I have a position in MVC


Anonymous said...

thanks Shadow, great find!!

ShadowStock said...

good luck,with the idea!

Floris said...

Hey Shadow,

I had a look at this investment. Usually when I invest I want to truly understand what I am investing in. Thats why I love small cap stocks. In this case the proposition looks great because you can buy a diversified group of companies at nearly 50% off. This is also the case if you buy at a 50% discount to book value.

The problem I have with this investment is that I will never be able forecast the future with any degree of certainty. I am dependent on the investment whims of the portfolio manager which is not as quantifiable as the asset base or earnings of say a wholesaler.

I agree with you analysis of the incentives, the track record of the management but what makes this a confident investment for you?
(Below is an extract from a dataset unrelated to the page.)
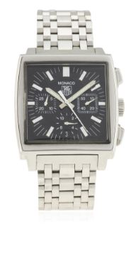 A GENTLEMAN'S STAINLESS STEEL TAG HEUER MONACO CHRONOGRAPH BRACELET WATCH CIRCA 2005, REF. CW2111 WITH TAG HEUER BOX D: Black dial with part luminous silver batons & hands, triple register recording hours, minute & continuous seconds, date aperture. M: Automatic movement signed TAG Heuer. C: Classic Monaco case, signed TAG Heuer Monaco & numbered, original crown & pushers, case width measures approx. 38mm. S: Original TAG Heuer stainless steel bracelet.CONDITION REPORT D: Original dial in excellent condition. M: Working at present. C: In very good condition. B: In excellent condition, with some light scratches due to general use. D: Dial / M: Movement / C: Case / S: Strap / B: Bracelet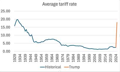 Trump and the MAGA team claim that tariffs will bring in so much tax revenue ($1.8trn) and new business investment ($3-5trn extra) that the economy will boom (4% next year, they claim) and that will lead to hundreds of thousands of new jobs. But there is no evidence to support these claims.

Looking forward to your response and thanks for the flow of info!!



ShadowStock said...

Hi Floris

I agree and I have no way to be certain the group of business is equal to the book value of ~17. But having said this, given the large recent insider buying by management, quality institutional micro cap value ownership, solid balance sheet, diversified group of companies in their portfolio, proven management team that have been incentivized so adding the idea to a diversified portfolio of other micro cap value ideas could prove satisfactory. If I decide to gain additional insight my position size may change if warranted. This approach works well for someone like me who can’t spend the required time to create a concentrated portfolio of micro cap stocks. I find it useless to call management as they have an agenda and are seldom useful and often times misleading.
I rather judge management based on statistics such as capital structure, share count reductions, SGA and executive costs to revenue, high historical ROIC relative to industry peers and a diversified group of insiders holding the stock. I will also use the proxy to get a background on management and the board.

Some of the holders of MVC are value investors Michael Price, Royce, John E. Deysher,
check the links


Barrons MVC question to John Deysher :
“Q: I see you also have the private-equity group MVC Capital. Isn't private equity having trouble accessing capital? A: There is probably no other industry that is less loved. All those stocks are down for a couple of reasons. No. 1, a lot of them have fairly leveraged balance sheets and questionable investments. MVC Capital [MVC], however, has a pristine balance sheet, and most of its investments are holding up fairly well. Second, there is some question as to what the values of these private companies are. Clearly, valuation multiples are coming down, but MVC is very conservative in its valuations. It has a net asset value of $17 a share right now and is trading for 9. They have taken markdowns on a couple of portfolio companies. But we think most of the 40 or so companies they have in the portfolio are still doing OK. Their ability to access capital is not much of an issue since MVC is not dependent on a lot of debt.”